Problem requirements ▸ What you return must be the lines from the first one below through the one containing "A man dressed", exactly and with pictures excluded.
Start of Data shown
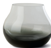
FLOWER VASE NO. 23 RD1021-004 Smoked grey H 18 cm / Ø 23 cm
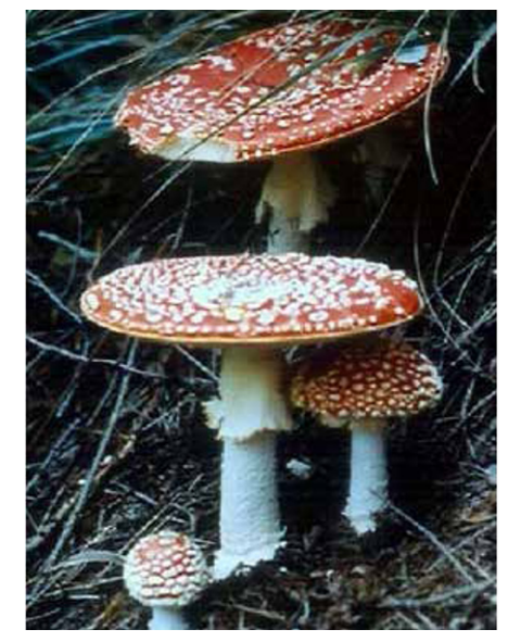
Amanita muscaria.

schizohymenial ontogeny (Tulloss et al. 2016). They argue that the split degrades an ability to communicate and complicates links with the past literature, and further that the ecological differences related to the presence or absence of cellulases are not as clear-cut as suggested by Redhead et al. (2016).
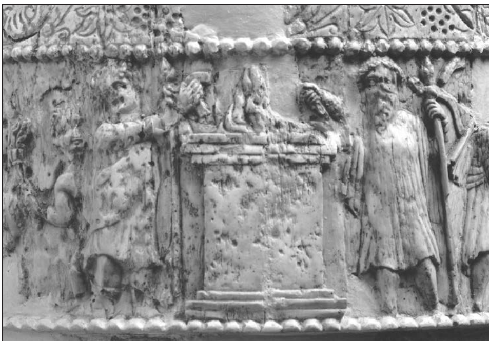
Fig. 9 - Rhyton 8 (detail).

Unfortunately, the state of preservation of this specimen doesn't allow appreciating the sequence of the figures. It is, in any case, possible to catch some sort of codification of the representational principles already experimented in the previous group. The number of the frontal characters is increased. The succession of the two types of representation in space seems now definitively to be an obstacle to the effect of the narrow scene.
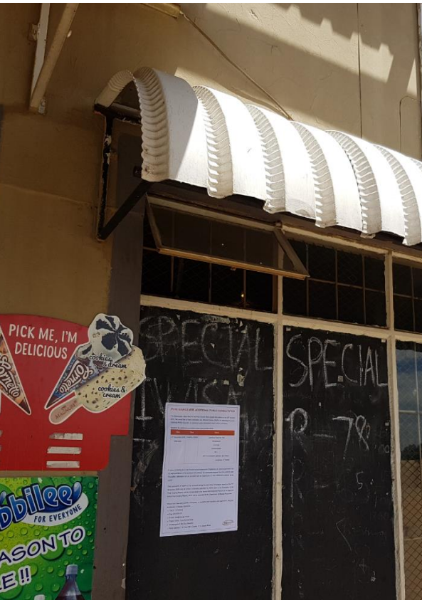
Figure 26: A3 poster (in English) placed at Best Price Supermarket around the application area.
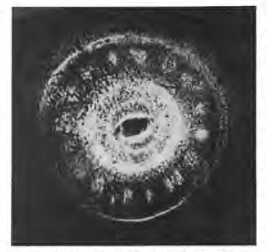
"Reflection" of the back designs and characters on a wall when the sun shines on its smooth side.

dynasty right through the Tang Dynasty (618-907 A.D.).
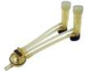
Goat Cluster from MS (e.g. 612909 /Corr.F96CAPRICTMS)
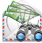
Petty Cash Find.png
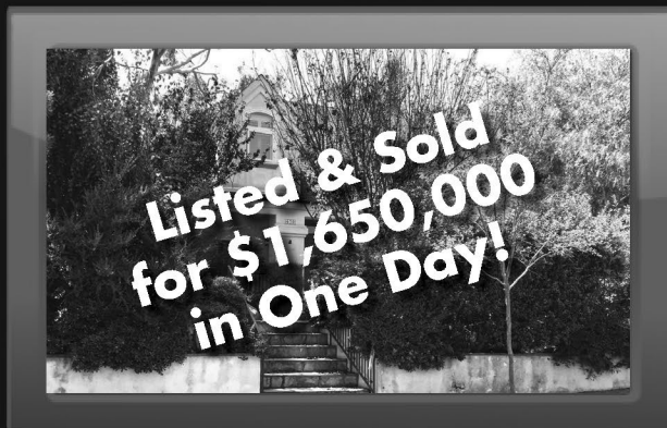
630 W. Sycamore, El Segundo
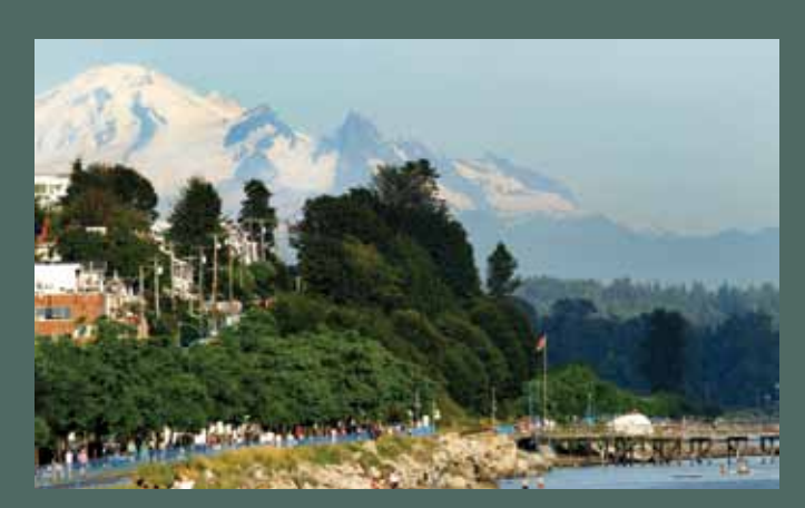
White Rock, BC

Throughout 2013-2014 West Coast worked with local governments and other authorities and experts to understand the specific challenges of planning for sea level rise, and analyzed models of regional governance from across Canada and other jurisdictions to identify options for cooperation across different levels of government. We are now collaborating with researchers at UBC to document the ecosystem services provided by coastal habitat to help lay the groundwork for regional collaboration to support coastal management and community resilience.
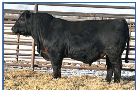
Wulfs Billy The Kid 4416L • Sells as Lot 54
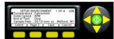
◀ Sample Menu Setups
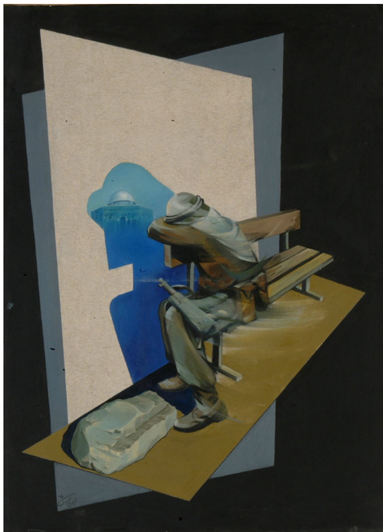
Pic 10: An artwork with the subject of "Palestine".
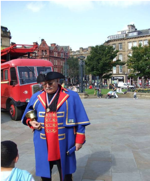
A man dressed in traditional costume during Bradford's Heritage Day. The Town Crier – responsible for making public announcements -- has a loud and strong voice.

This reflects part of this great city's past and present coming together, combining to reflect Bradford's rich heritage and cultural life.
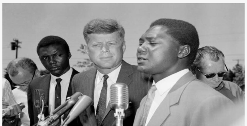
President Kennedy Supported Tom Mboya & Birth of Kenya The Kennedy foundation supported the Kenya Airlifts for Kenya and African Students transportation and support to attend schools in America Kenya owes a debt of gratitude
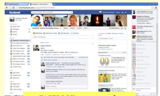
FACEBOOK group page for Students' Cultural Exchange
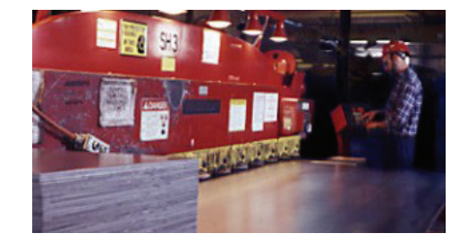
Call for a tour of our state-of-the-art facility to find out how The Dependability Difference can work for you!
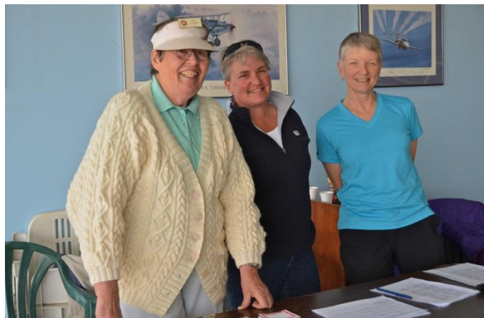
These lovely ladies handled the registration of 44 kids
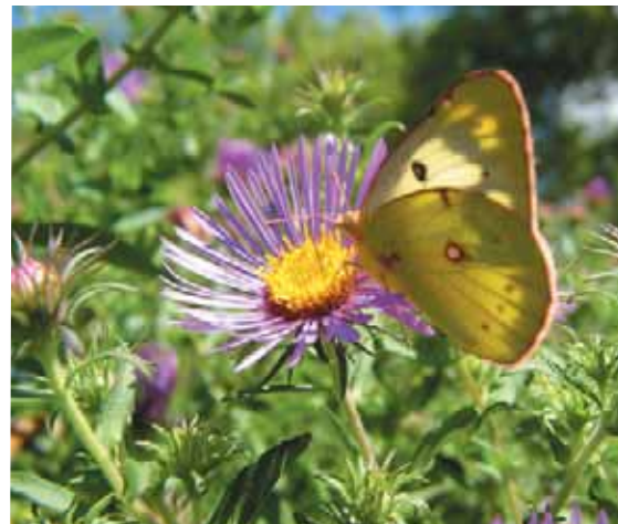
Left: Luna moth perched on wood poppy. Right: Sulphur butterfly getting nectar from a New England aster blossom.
End of Data shown
Written reply ▸
FLOWER VASE NO. 23 RD1021-004 Smoked grey H 18 cm / Ø 23 cm
Amanita muscaria.

schizohymenial ontogeny (Tulloss et al. 2016). They argue that the split degrades an ability to communicate and complicates links with the past literature, and further that the ecological differences related to the presence or absence of cellulases are not as clear-cut as suggested by Redhead et al. (2016).
Fig. 9 - Rhyton 8 (detail).

Unfortunately, the state of preservation of this specimen doesn't allow appreciating the sequence of the figures. It is, in any case, possible to catch some sort of codification of the representational principles already experimented in the previous group. The number of the frontal characters is increased. The succession of the two types of representation in space seems now definitively to be an obstacle to the effect of the narrow scene.
Figure 26: A3 poster (in English) placed at Best Price Supermarket around the application area.
"Reflection" of the back designs and characters on a wall when the sun shines on its smooth side.

dynasty right through the Tang Dynasty (618-907 A.D.).
Goat Cluster from MS (e.g. 612909 /Corr.F96CAPRICTMS)
Petty Cash Find.png
630 W. Sycamore, El Segundo
White Rock, BC

Throughout 2013-2014 West Coast worked with local governments and other authorities and experts to understand the specific challenges of planning for sea level rise, and analyzed models of regional governance from across Canada and other jurisdictions to identify options for cooperation across different levels of government. We are now collaborating with researchers at UBC to document the ecosystem services provided by coastal habitat to help lay the groundwork for regional collaboration to support coastal management and community resilience.
Wulfs Billy The Kid 4416L • Sells as Lot 54
◀ Sample Menu Setups
Pic 10: An artwork with the subject of "Palestine".
A man dressed in traditional costume during Bradford's Heritage Day. The Town Crier – responsible for making public announcements -- has a loud and strong voice.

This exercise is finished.